Cost pressure, rigid regulation worsened GTBank’s Q3 profit sag, Analysts say


gtbAnalysts say cost pressures resulting from the acquisition of subsidiaries combined with stiff regulations are responsible for Guaranty Trust Bank’s plc (GTBank) third quarter – Q3 – profit drop.

For the first nine months through September 2014, GTBank’s net income dipped by 3.6 percent to N66.74 billion from N69.24 billion the same period of the corresponding period (Q3) 2013.

The OPEX growth is attributable to teething cost of newly acquired subsidiaries, according to Abiola Rasaq of the research and strategy unit of Associated Discount House Limited.

“More so, increasingly harsh operating environment in countries like Sierra Leone, Liberia and Cote D’Ivoire, where GTBank has subsidiaries partly elevated the Group’s OPEX,” Rasaq said in an email response to BusinessDay’s questions.

It would be recalled that in order to stamp its footprint across Africa, Guaranty Trust bought 70 percent of Fina Bank to gain entry into Kenya, Rwanda and Uganda.

Based on BusinessDay analysis, the bank’s operating expense increased by 11.38 percent to N68.13 billion as against N61.21 billion the preceding.

Cost-to-income ratio moved to 44.39 percent in Q3 2014, as against 41.85 percent in Q3 2013, as regulatory induced costs like the Asset Management Corporation charge (AMCON levy) continues to spiral costs.

Net margin, a measure of profitability and efficiency, also slid to 33.49 percent in Q3 2014, from 38.04 percent in Q3 2013.

“The rise in ‘other operating expenses’ was the main driver behind OPEX growth and this stems from regulatory cost (AMCON levy),” said Kayode Omosebi, equity research analyst with UBA Capital, in note.

Further slowing GTBank’s bottom-line performance is a 128 percent surge in loan loss expense to N6.05 billion in Q3 2014, from N2.65 billion last year

Some analysts had  expected  GTBank’s interest expense would increase as a result of direct effects of the CBN’s policy on the minimum interest rate of 30 percent of the Monetary Policy Rate (MPR) on saving deposits. As a result the tight regulatory measures aforementioned, the bank’s interest expenses rose by 22.13 percent to N42.83 billion in Q3 2014, from N35.01 billion the preceding year.

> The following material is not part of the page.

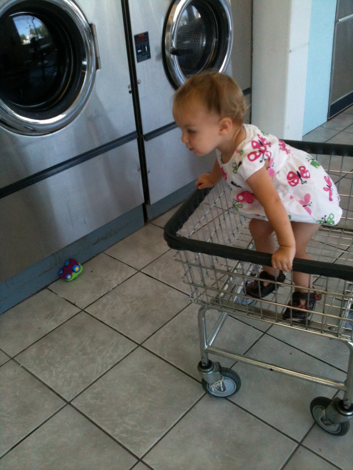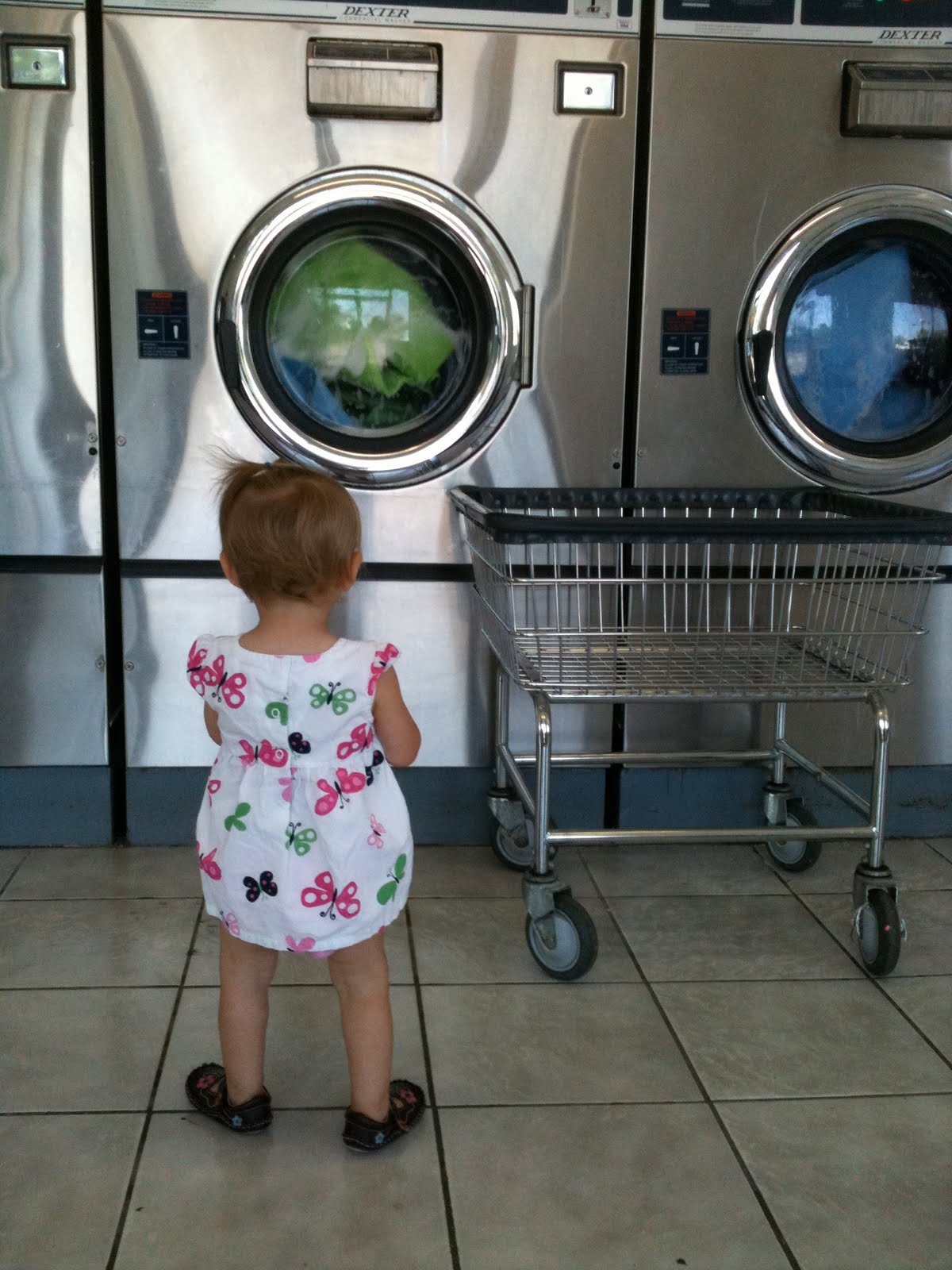 I split my twenty plus mats into two oversize washers, put my bills into the machine to make change and then Finley and I set the washing . Finley stood in front of the washers completely mesmerized by the water filling the washer. She pointed and babbled to herself and me as the wash began spinning. Who knew such an ordinary thing as washing would be such a great entertainment for a 13 month old! I just love how ordinary things like doing the laundry becomes an adventure when I see it through Fin’s eyes.

It would be recalled that the  CBN has increased CRR -the minimum cash, as a percentage of customer deposits that each bank must set aside as a reserve, from 4 percent in 2011 to 15 percent for private deposits and 75 percent for public sector deposits.

GTBank’s loan-to-deposit ratio, which measures how a   bank is inclined and aggressive about lending, increased to 73 percent in Q3 2014 as against 69.44 percent as of Q3 2014. Loans to customers were up by 15 percent to N1.16 trillion in the review period compared with N1 trillion the preceding year.

Deposits from customers increased by 9 percent to N1.57 trillion in Q3 2014 compared with N1.44 trillion as of December 2013.

The bank share price closed at N27.12 on the floor of the Nigerian Sock Exchange, while market capitalisation was N798.17 billion.

“Increasing competition and almost commoditised nature of banking services in Nigeria, as well as macro/regulatory pressures take toll on the earnings potential of GTBank,” said Rasaq.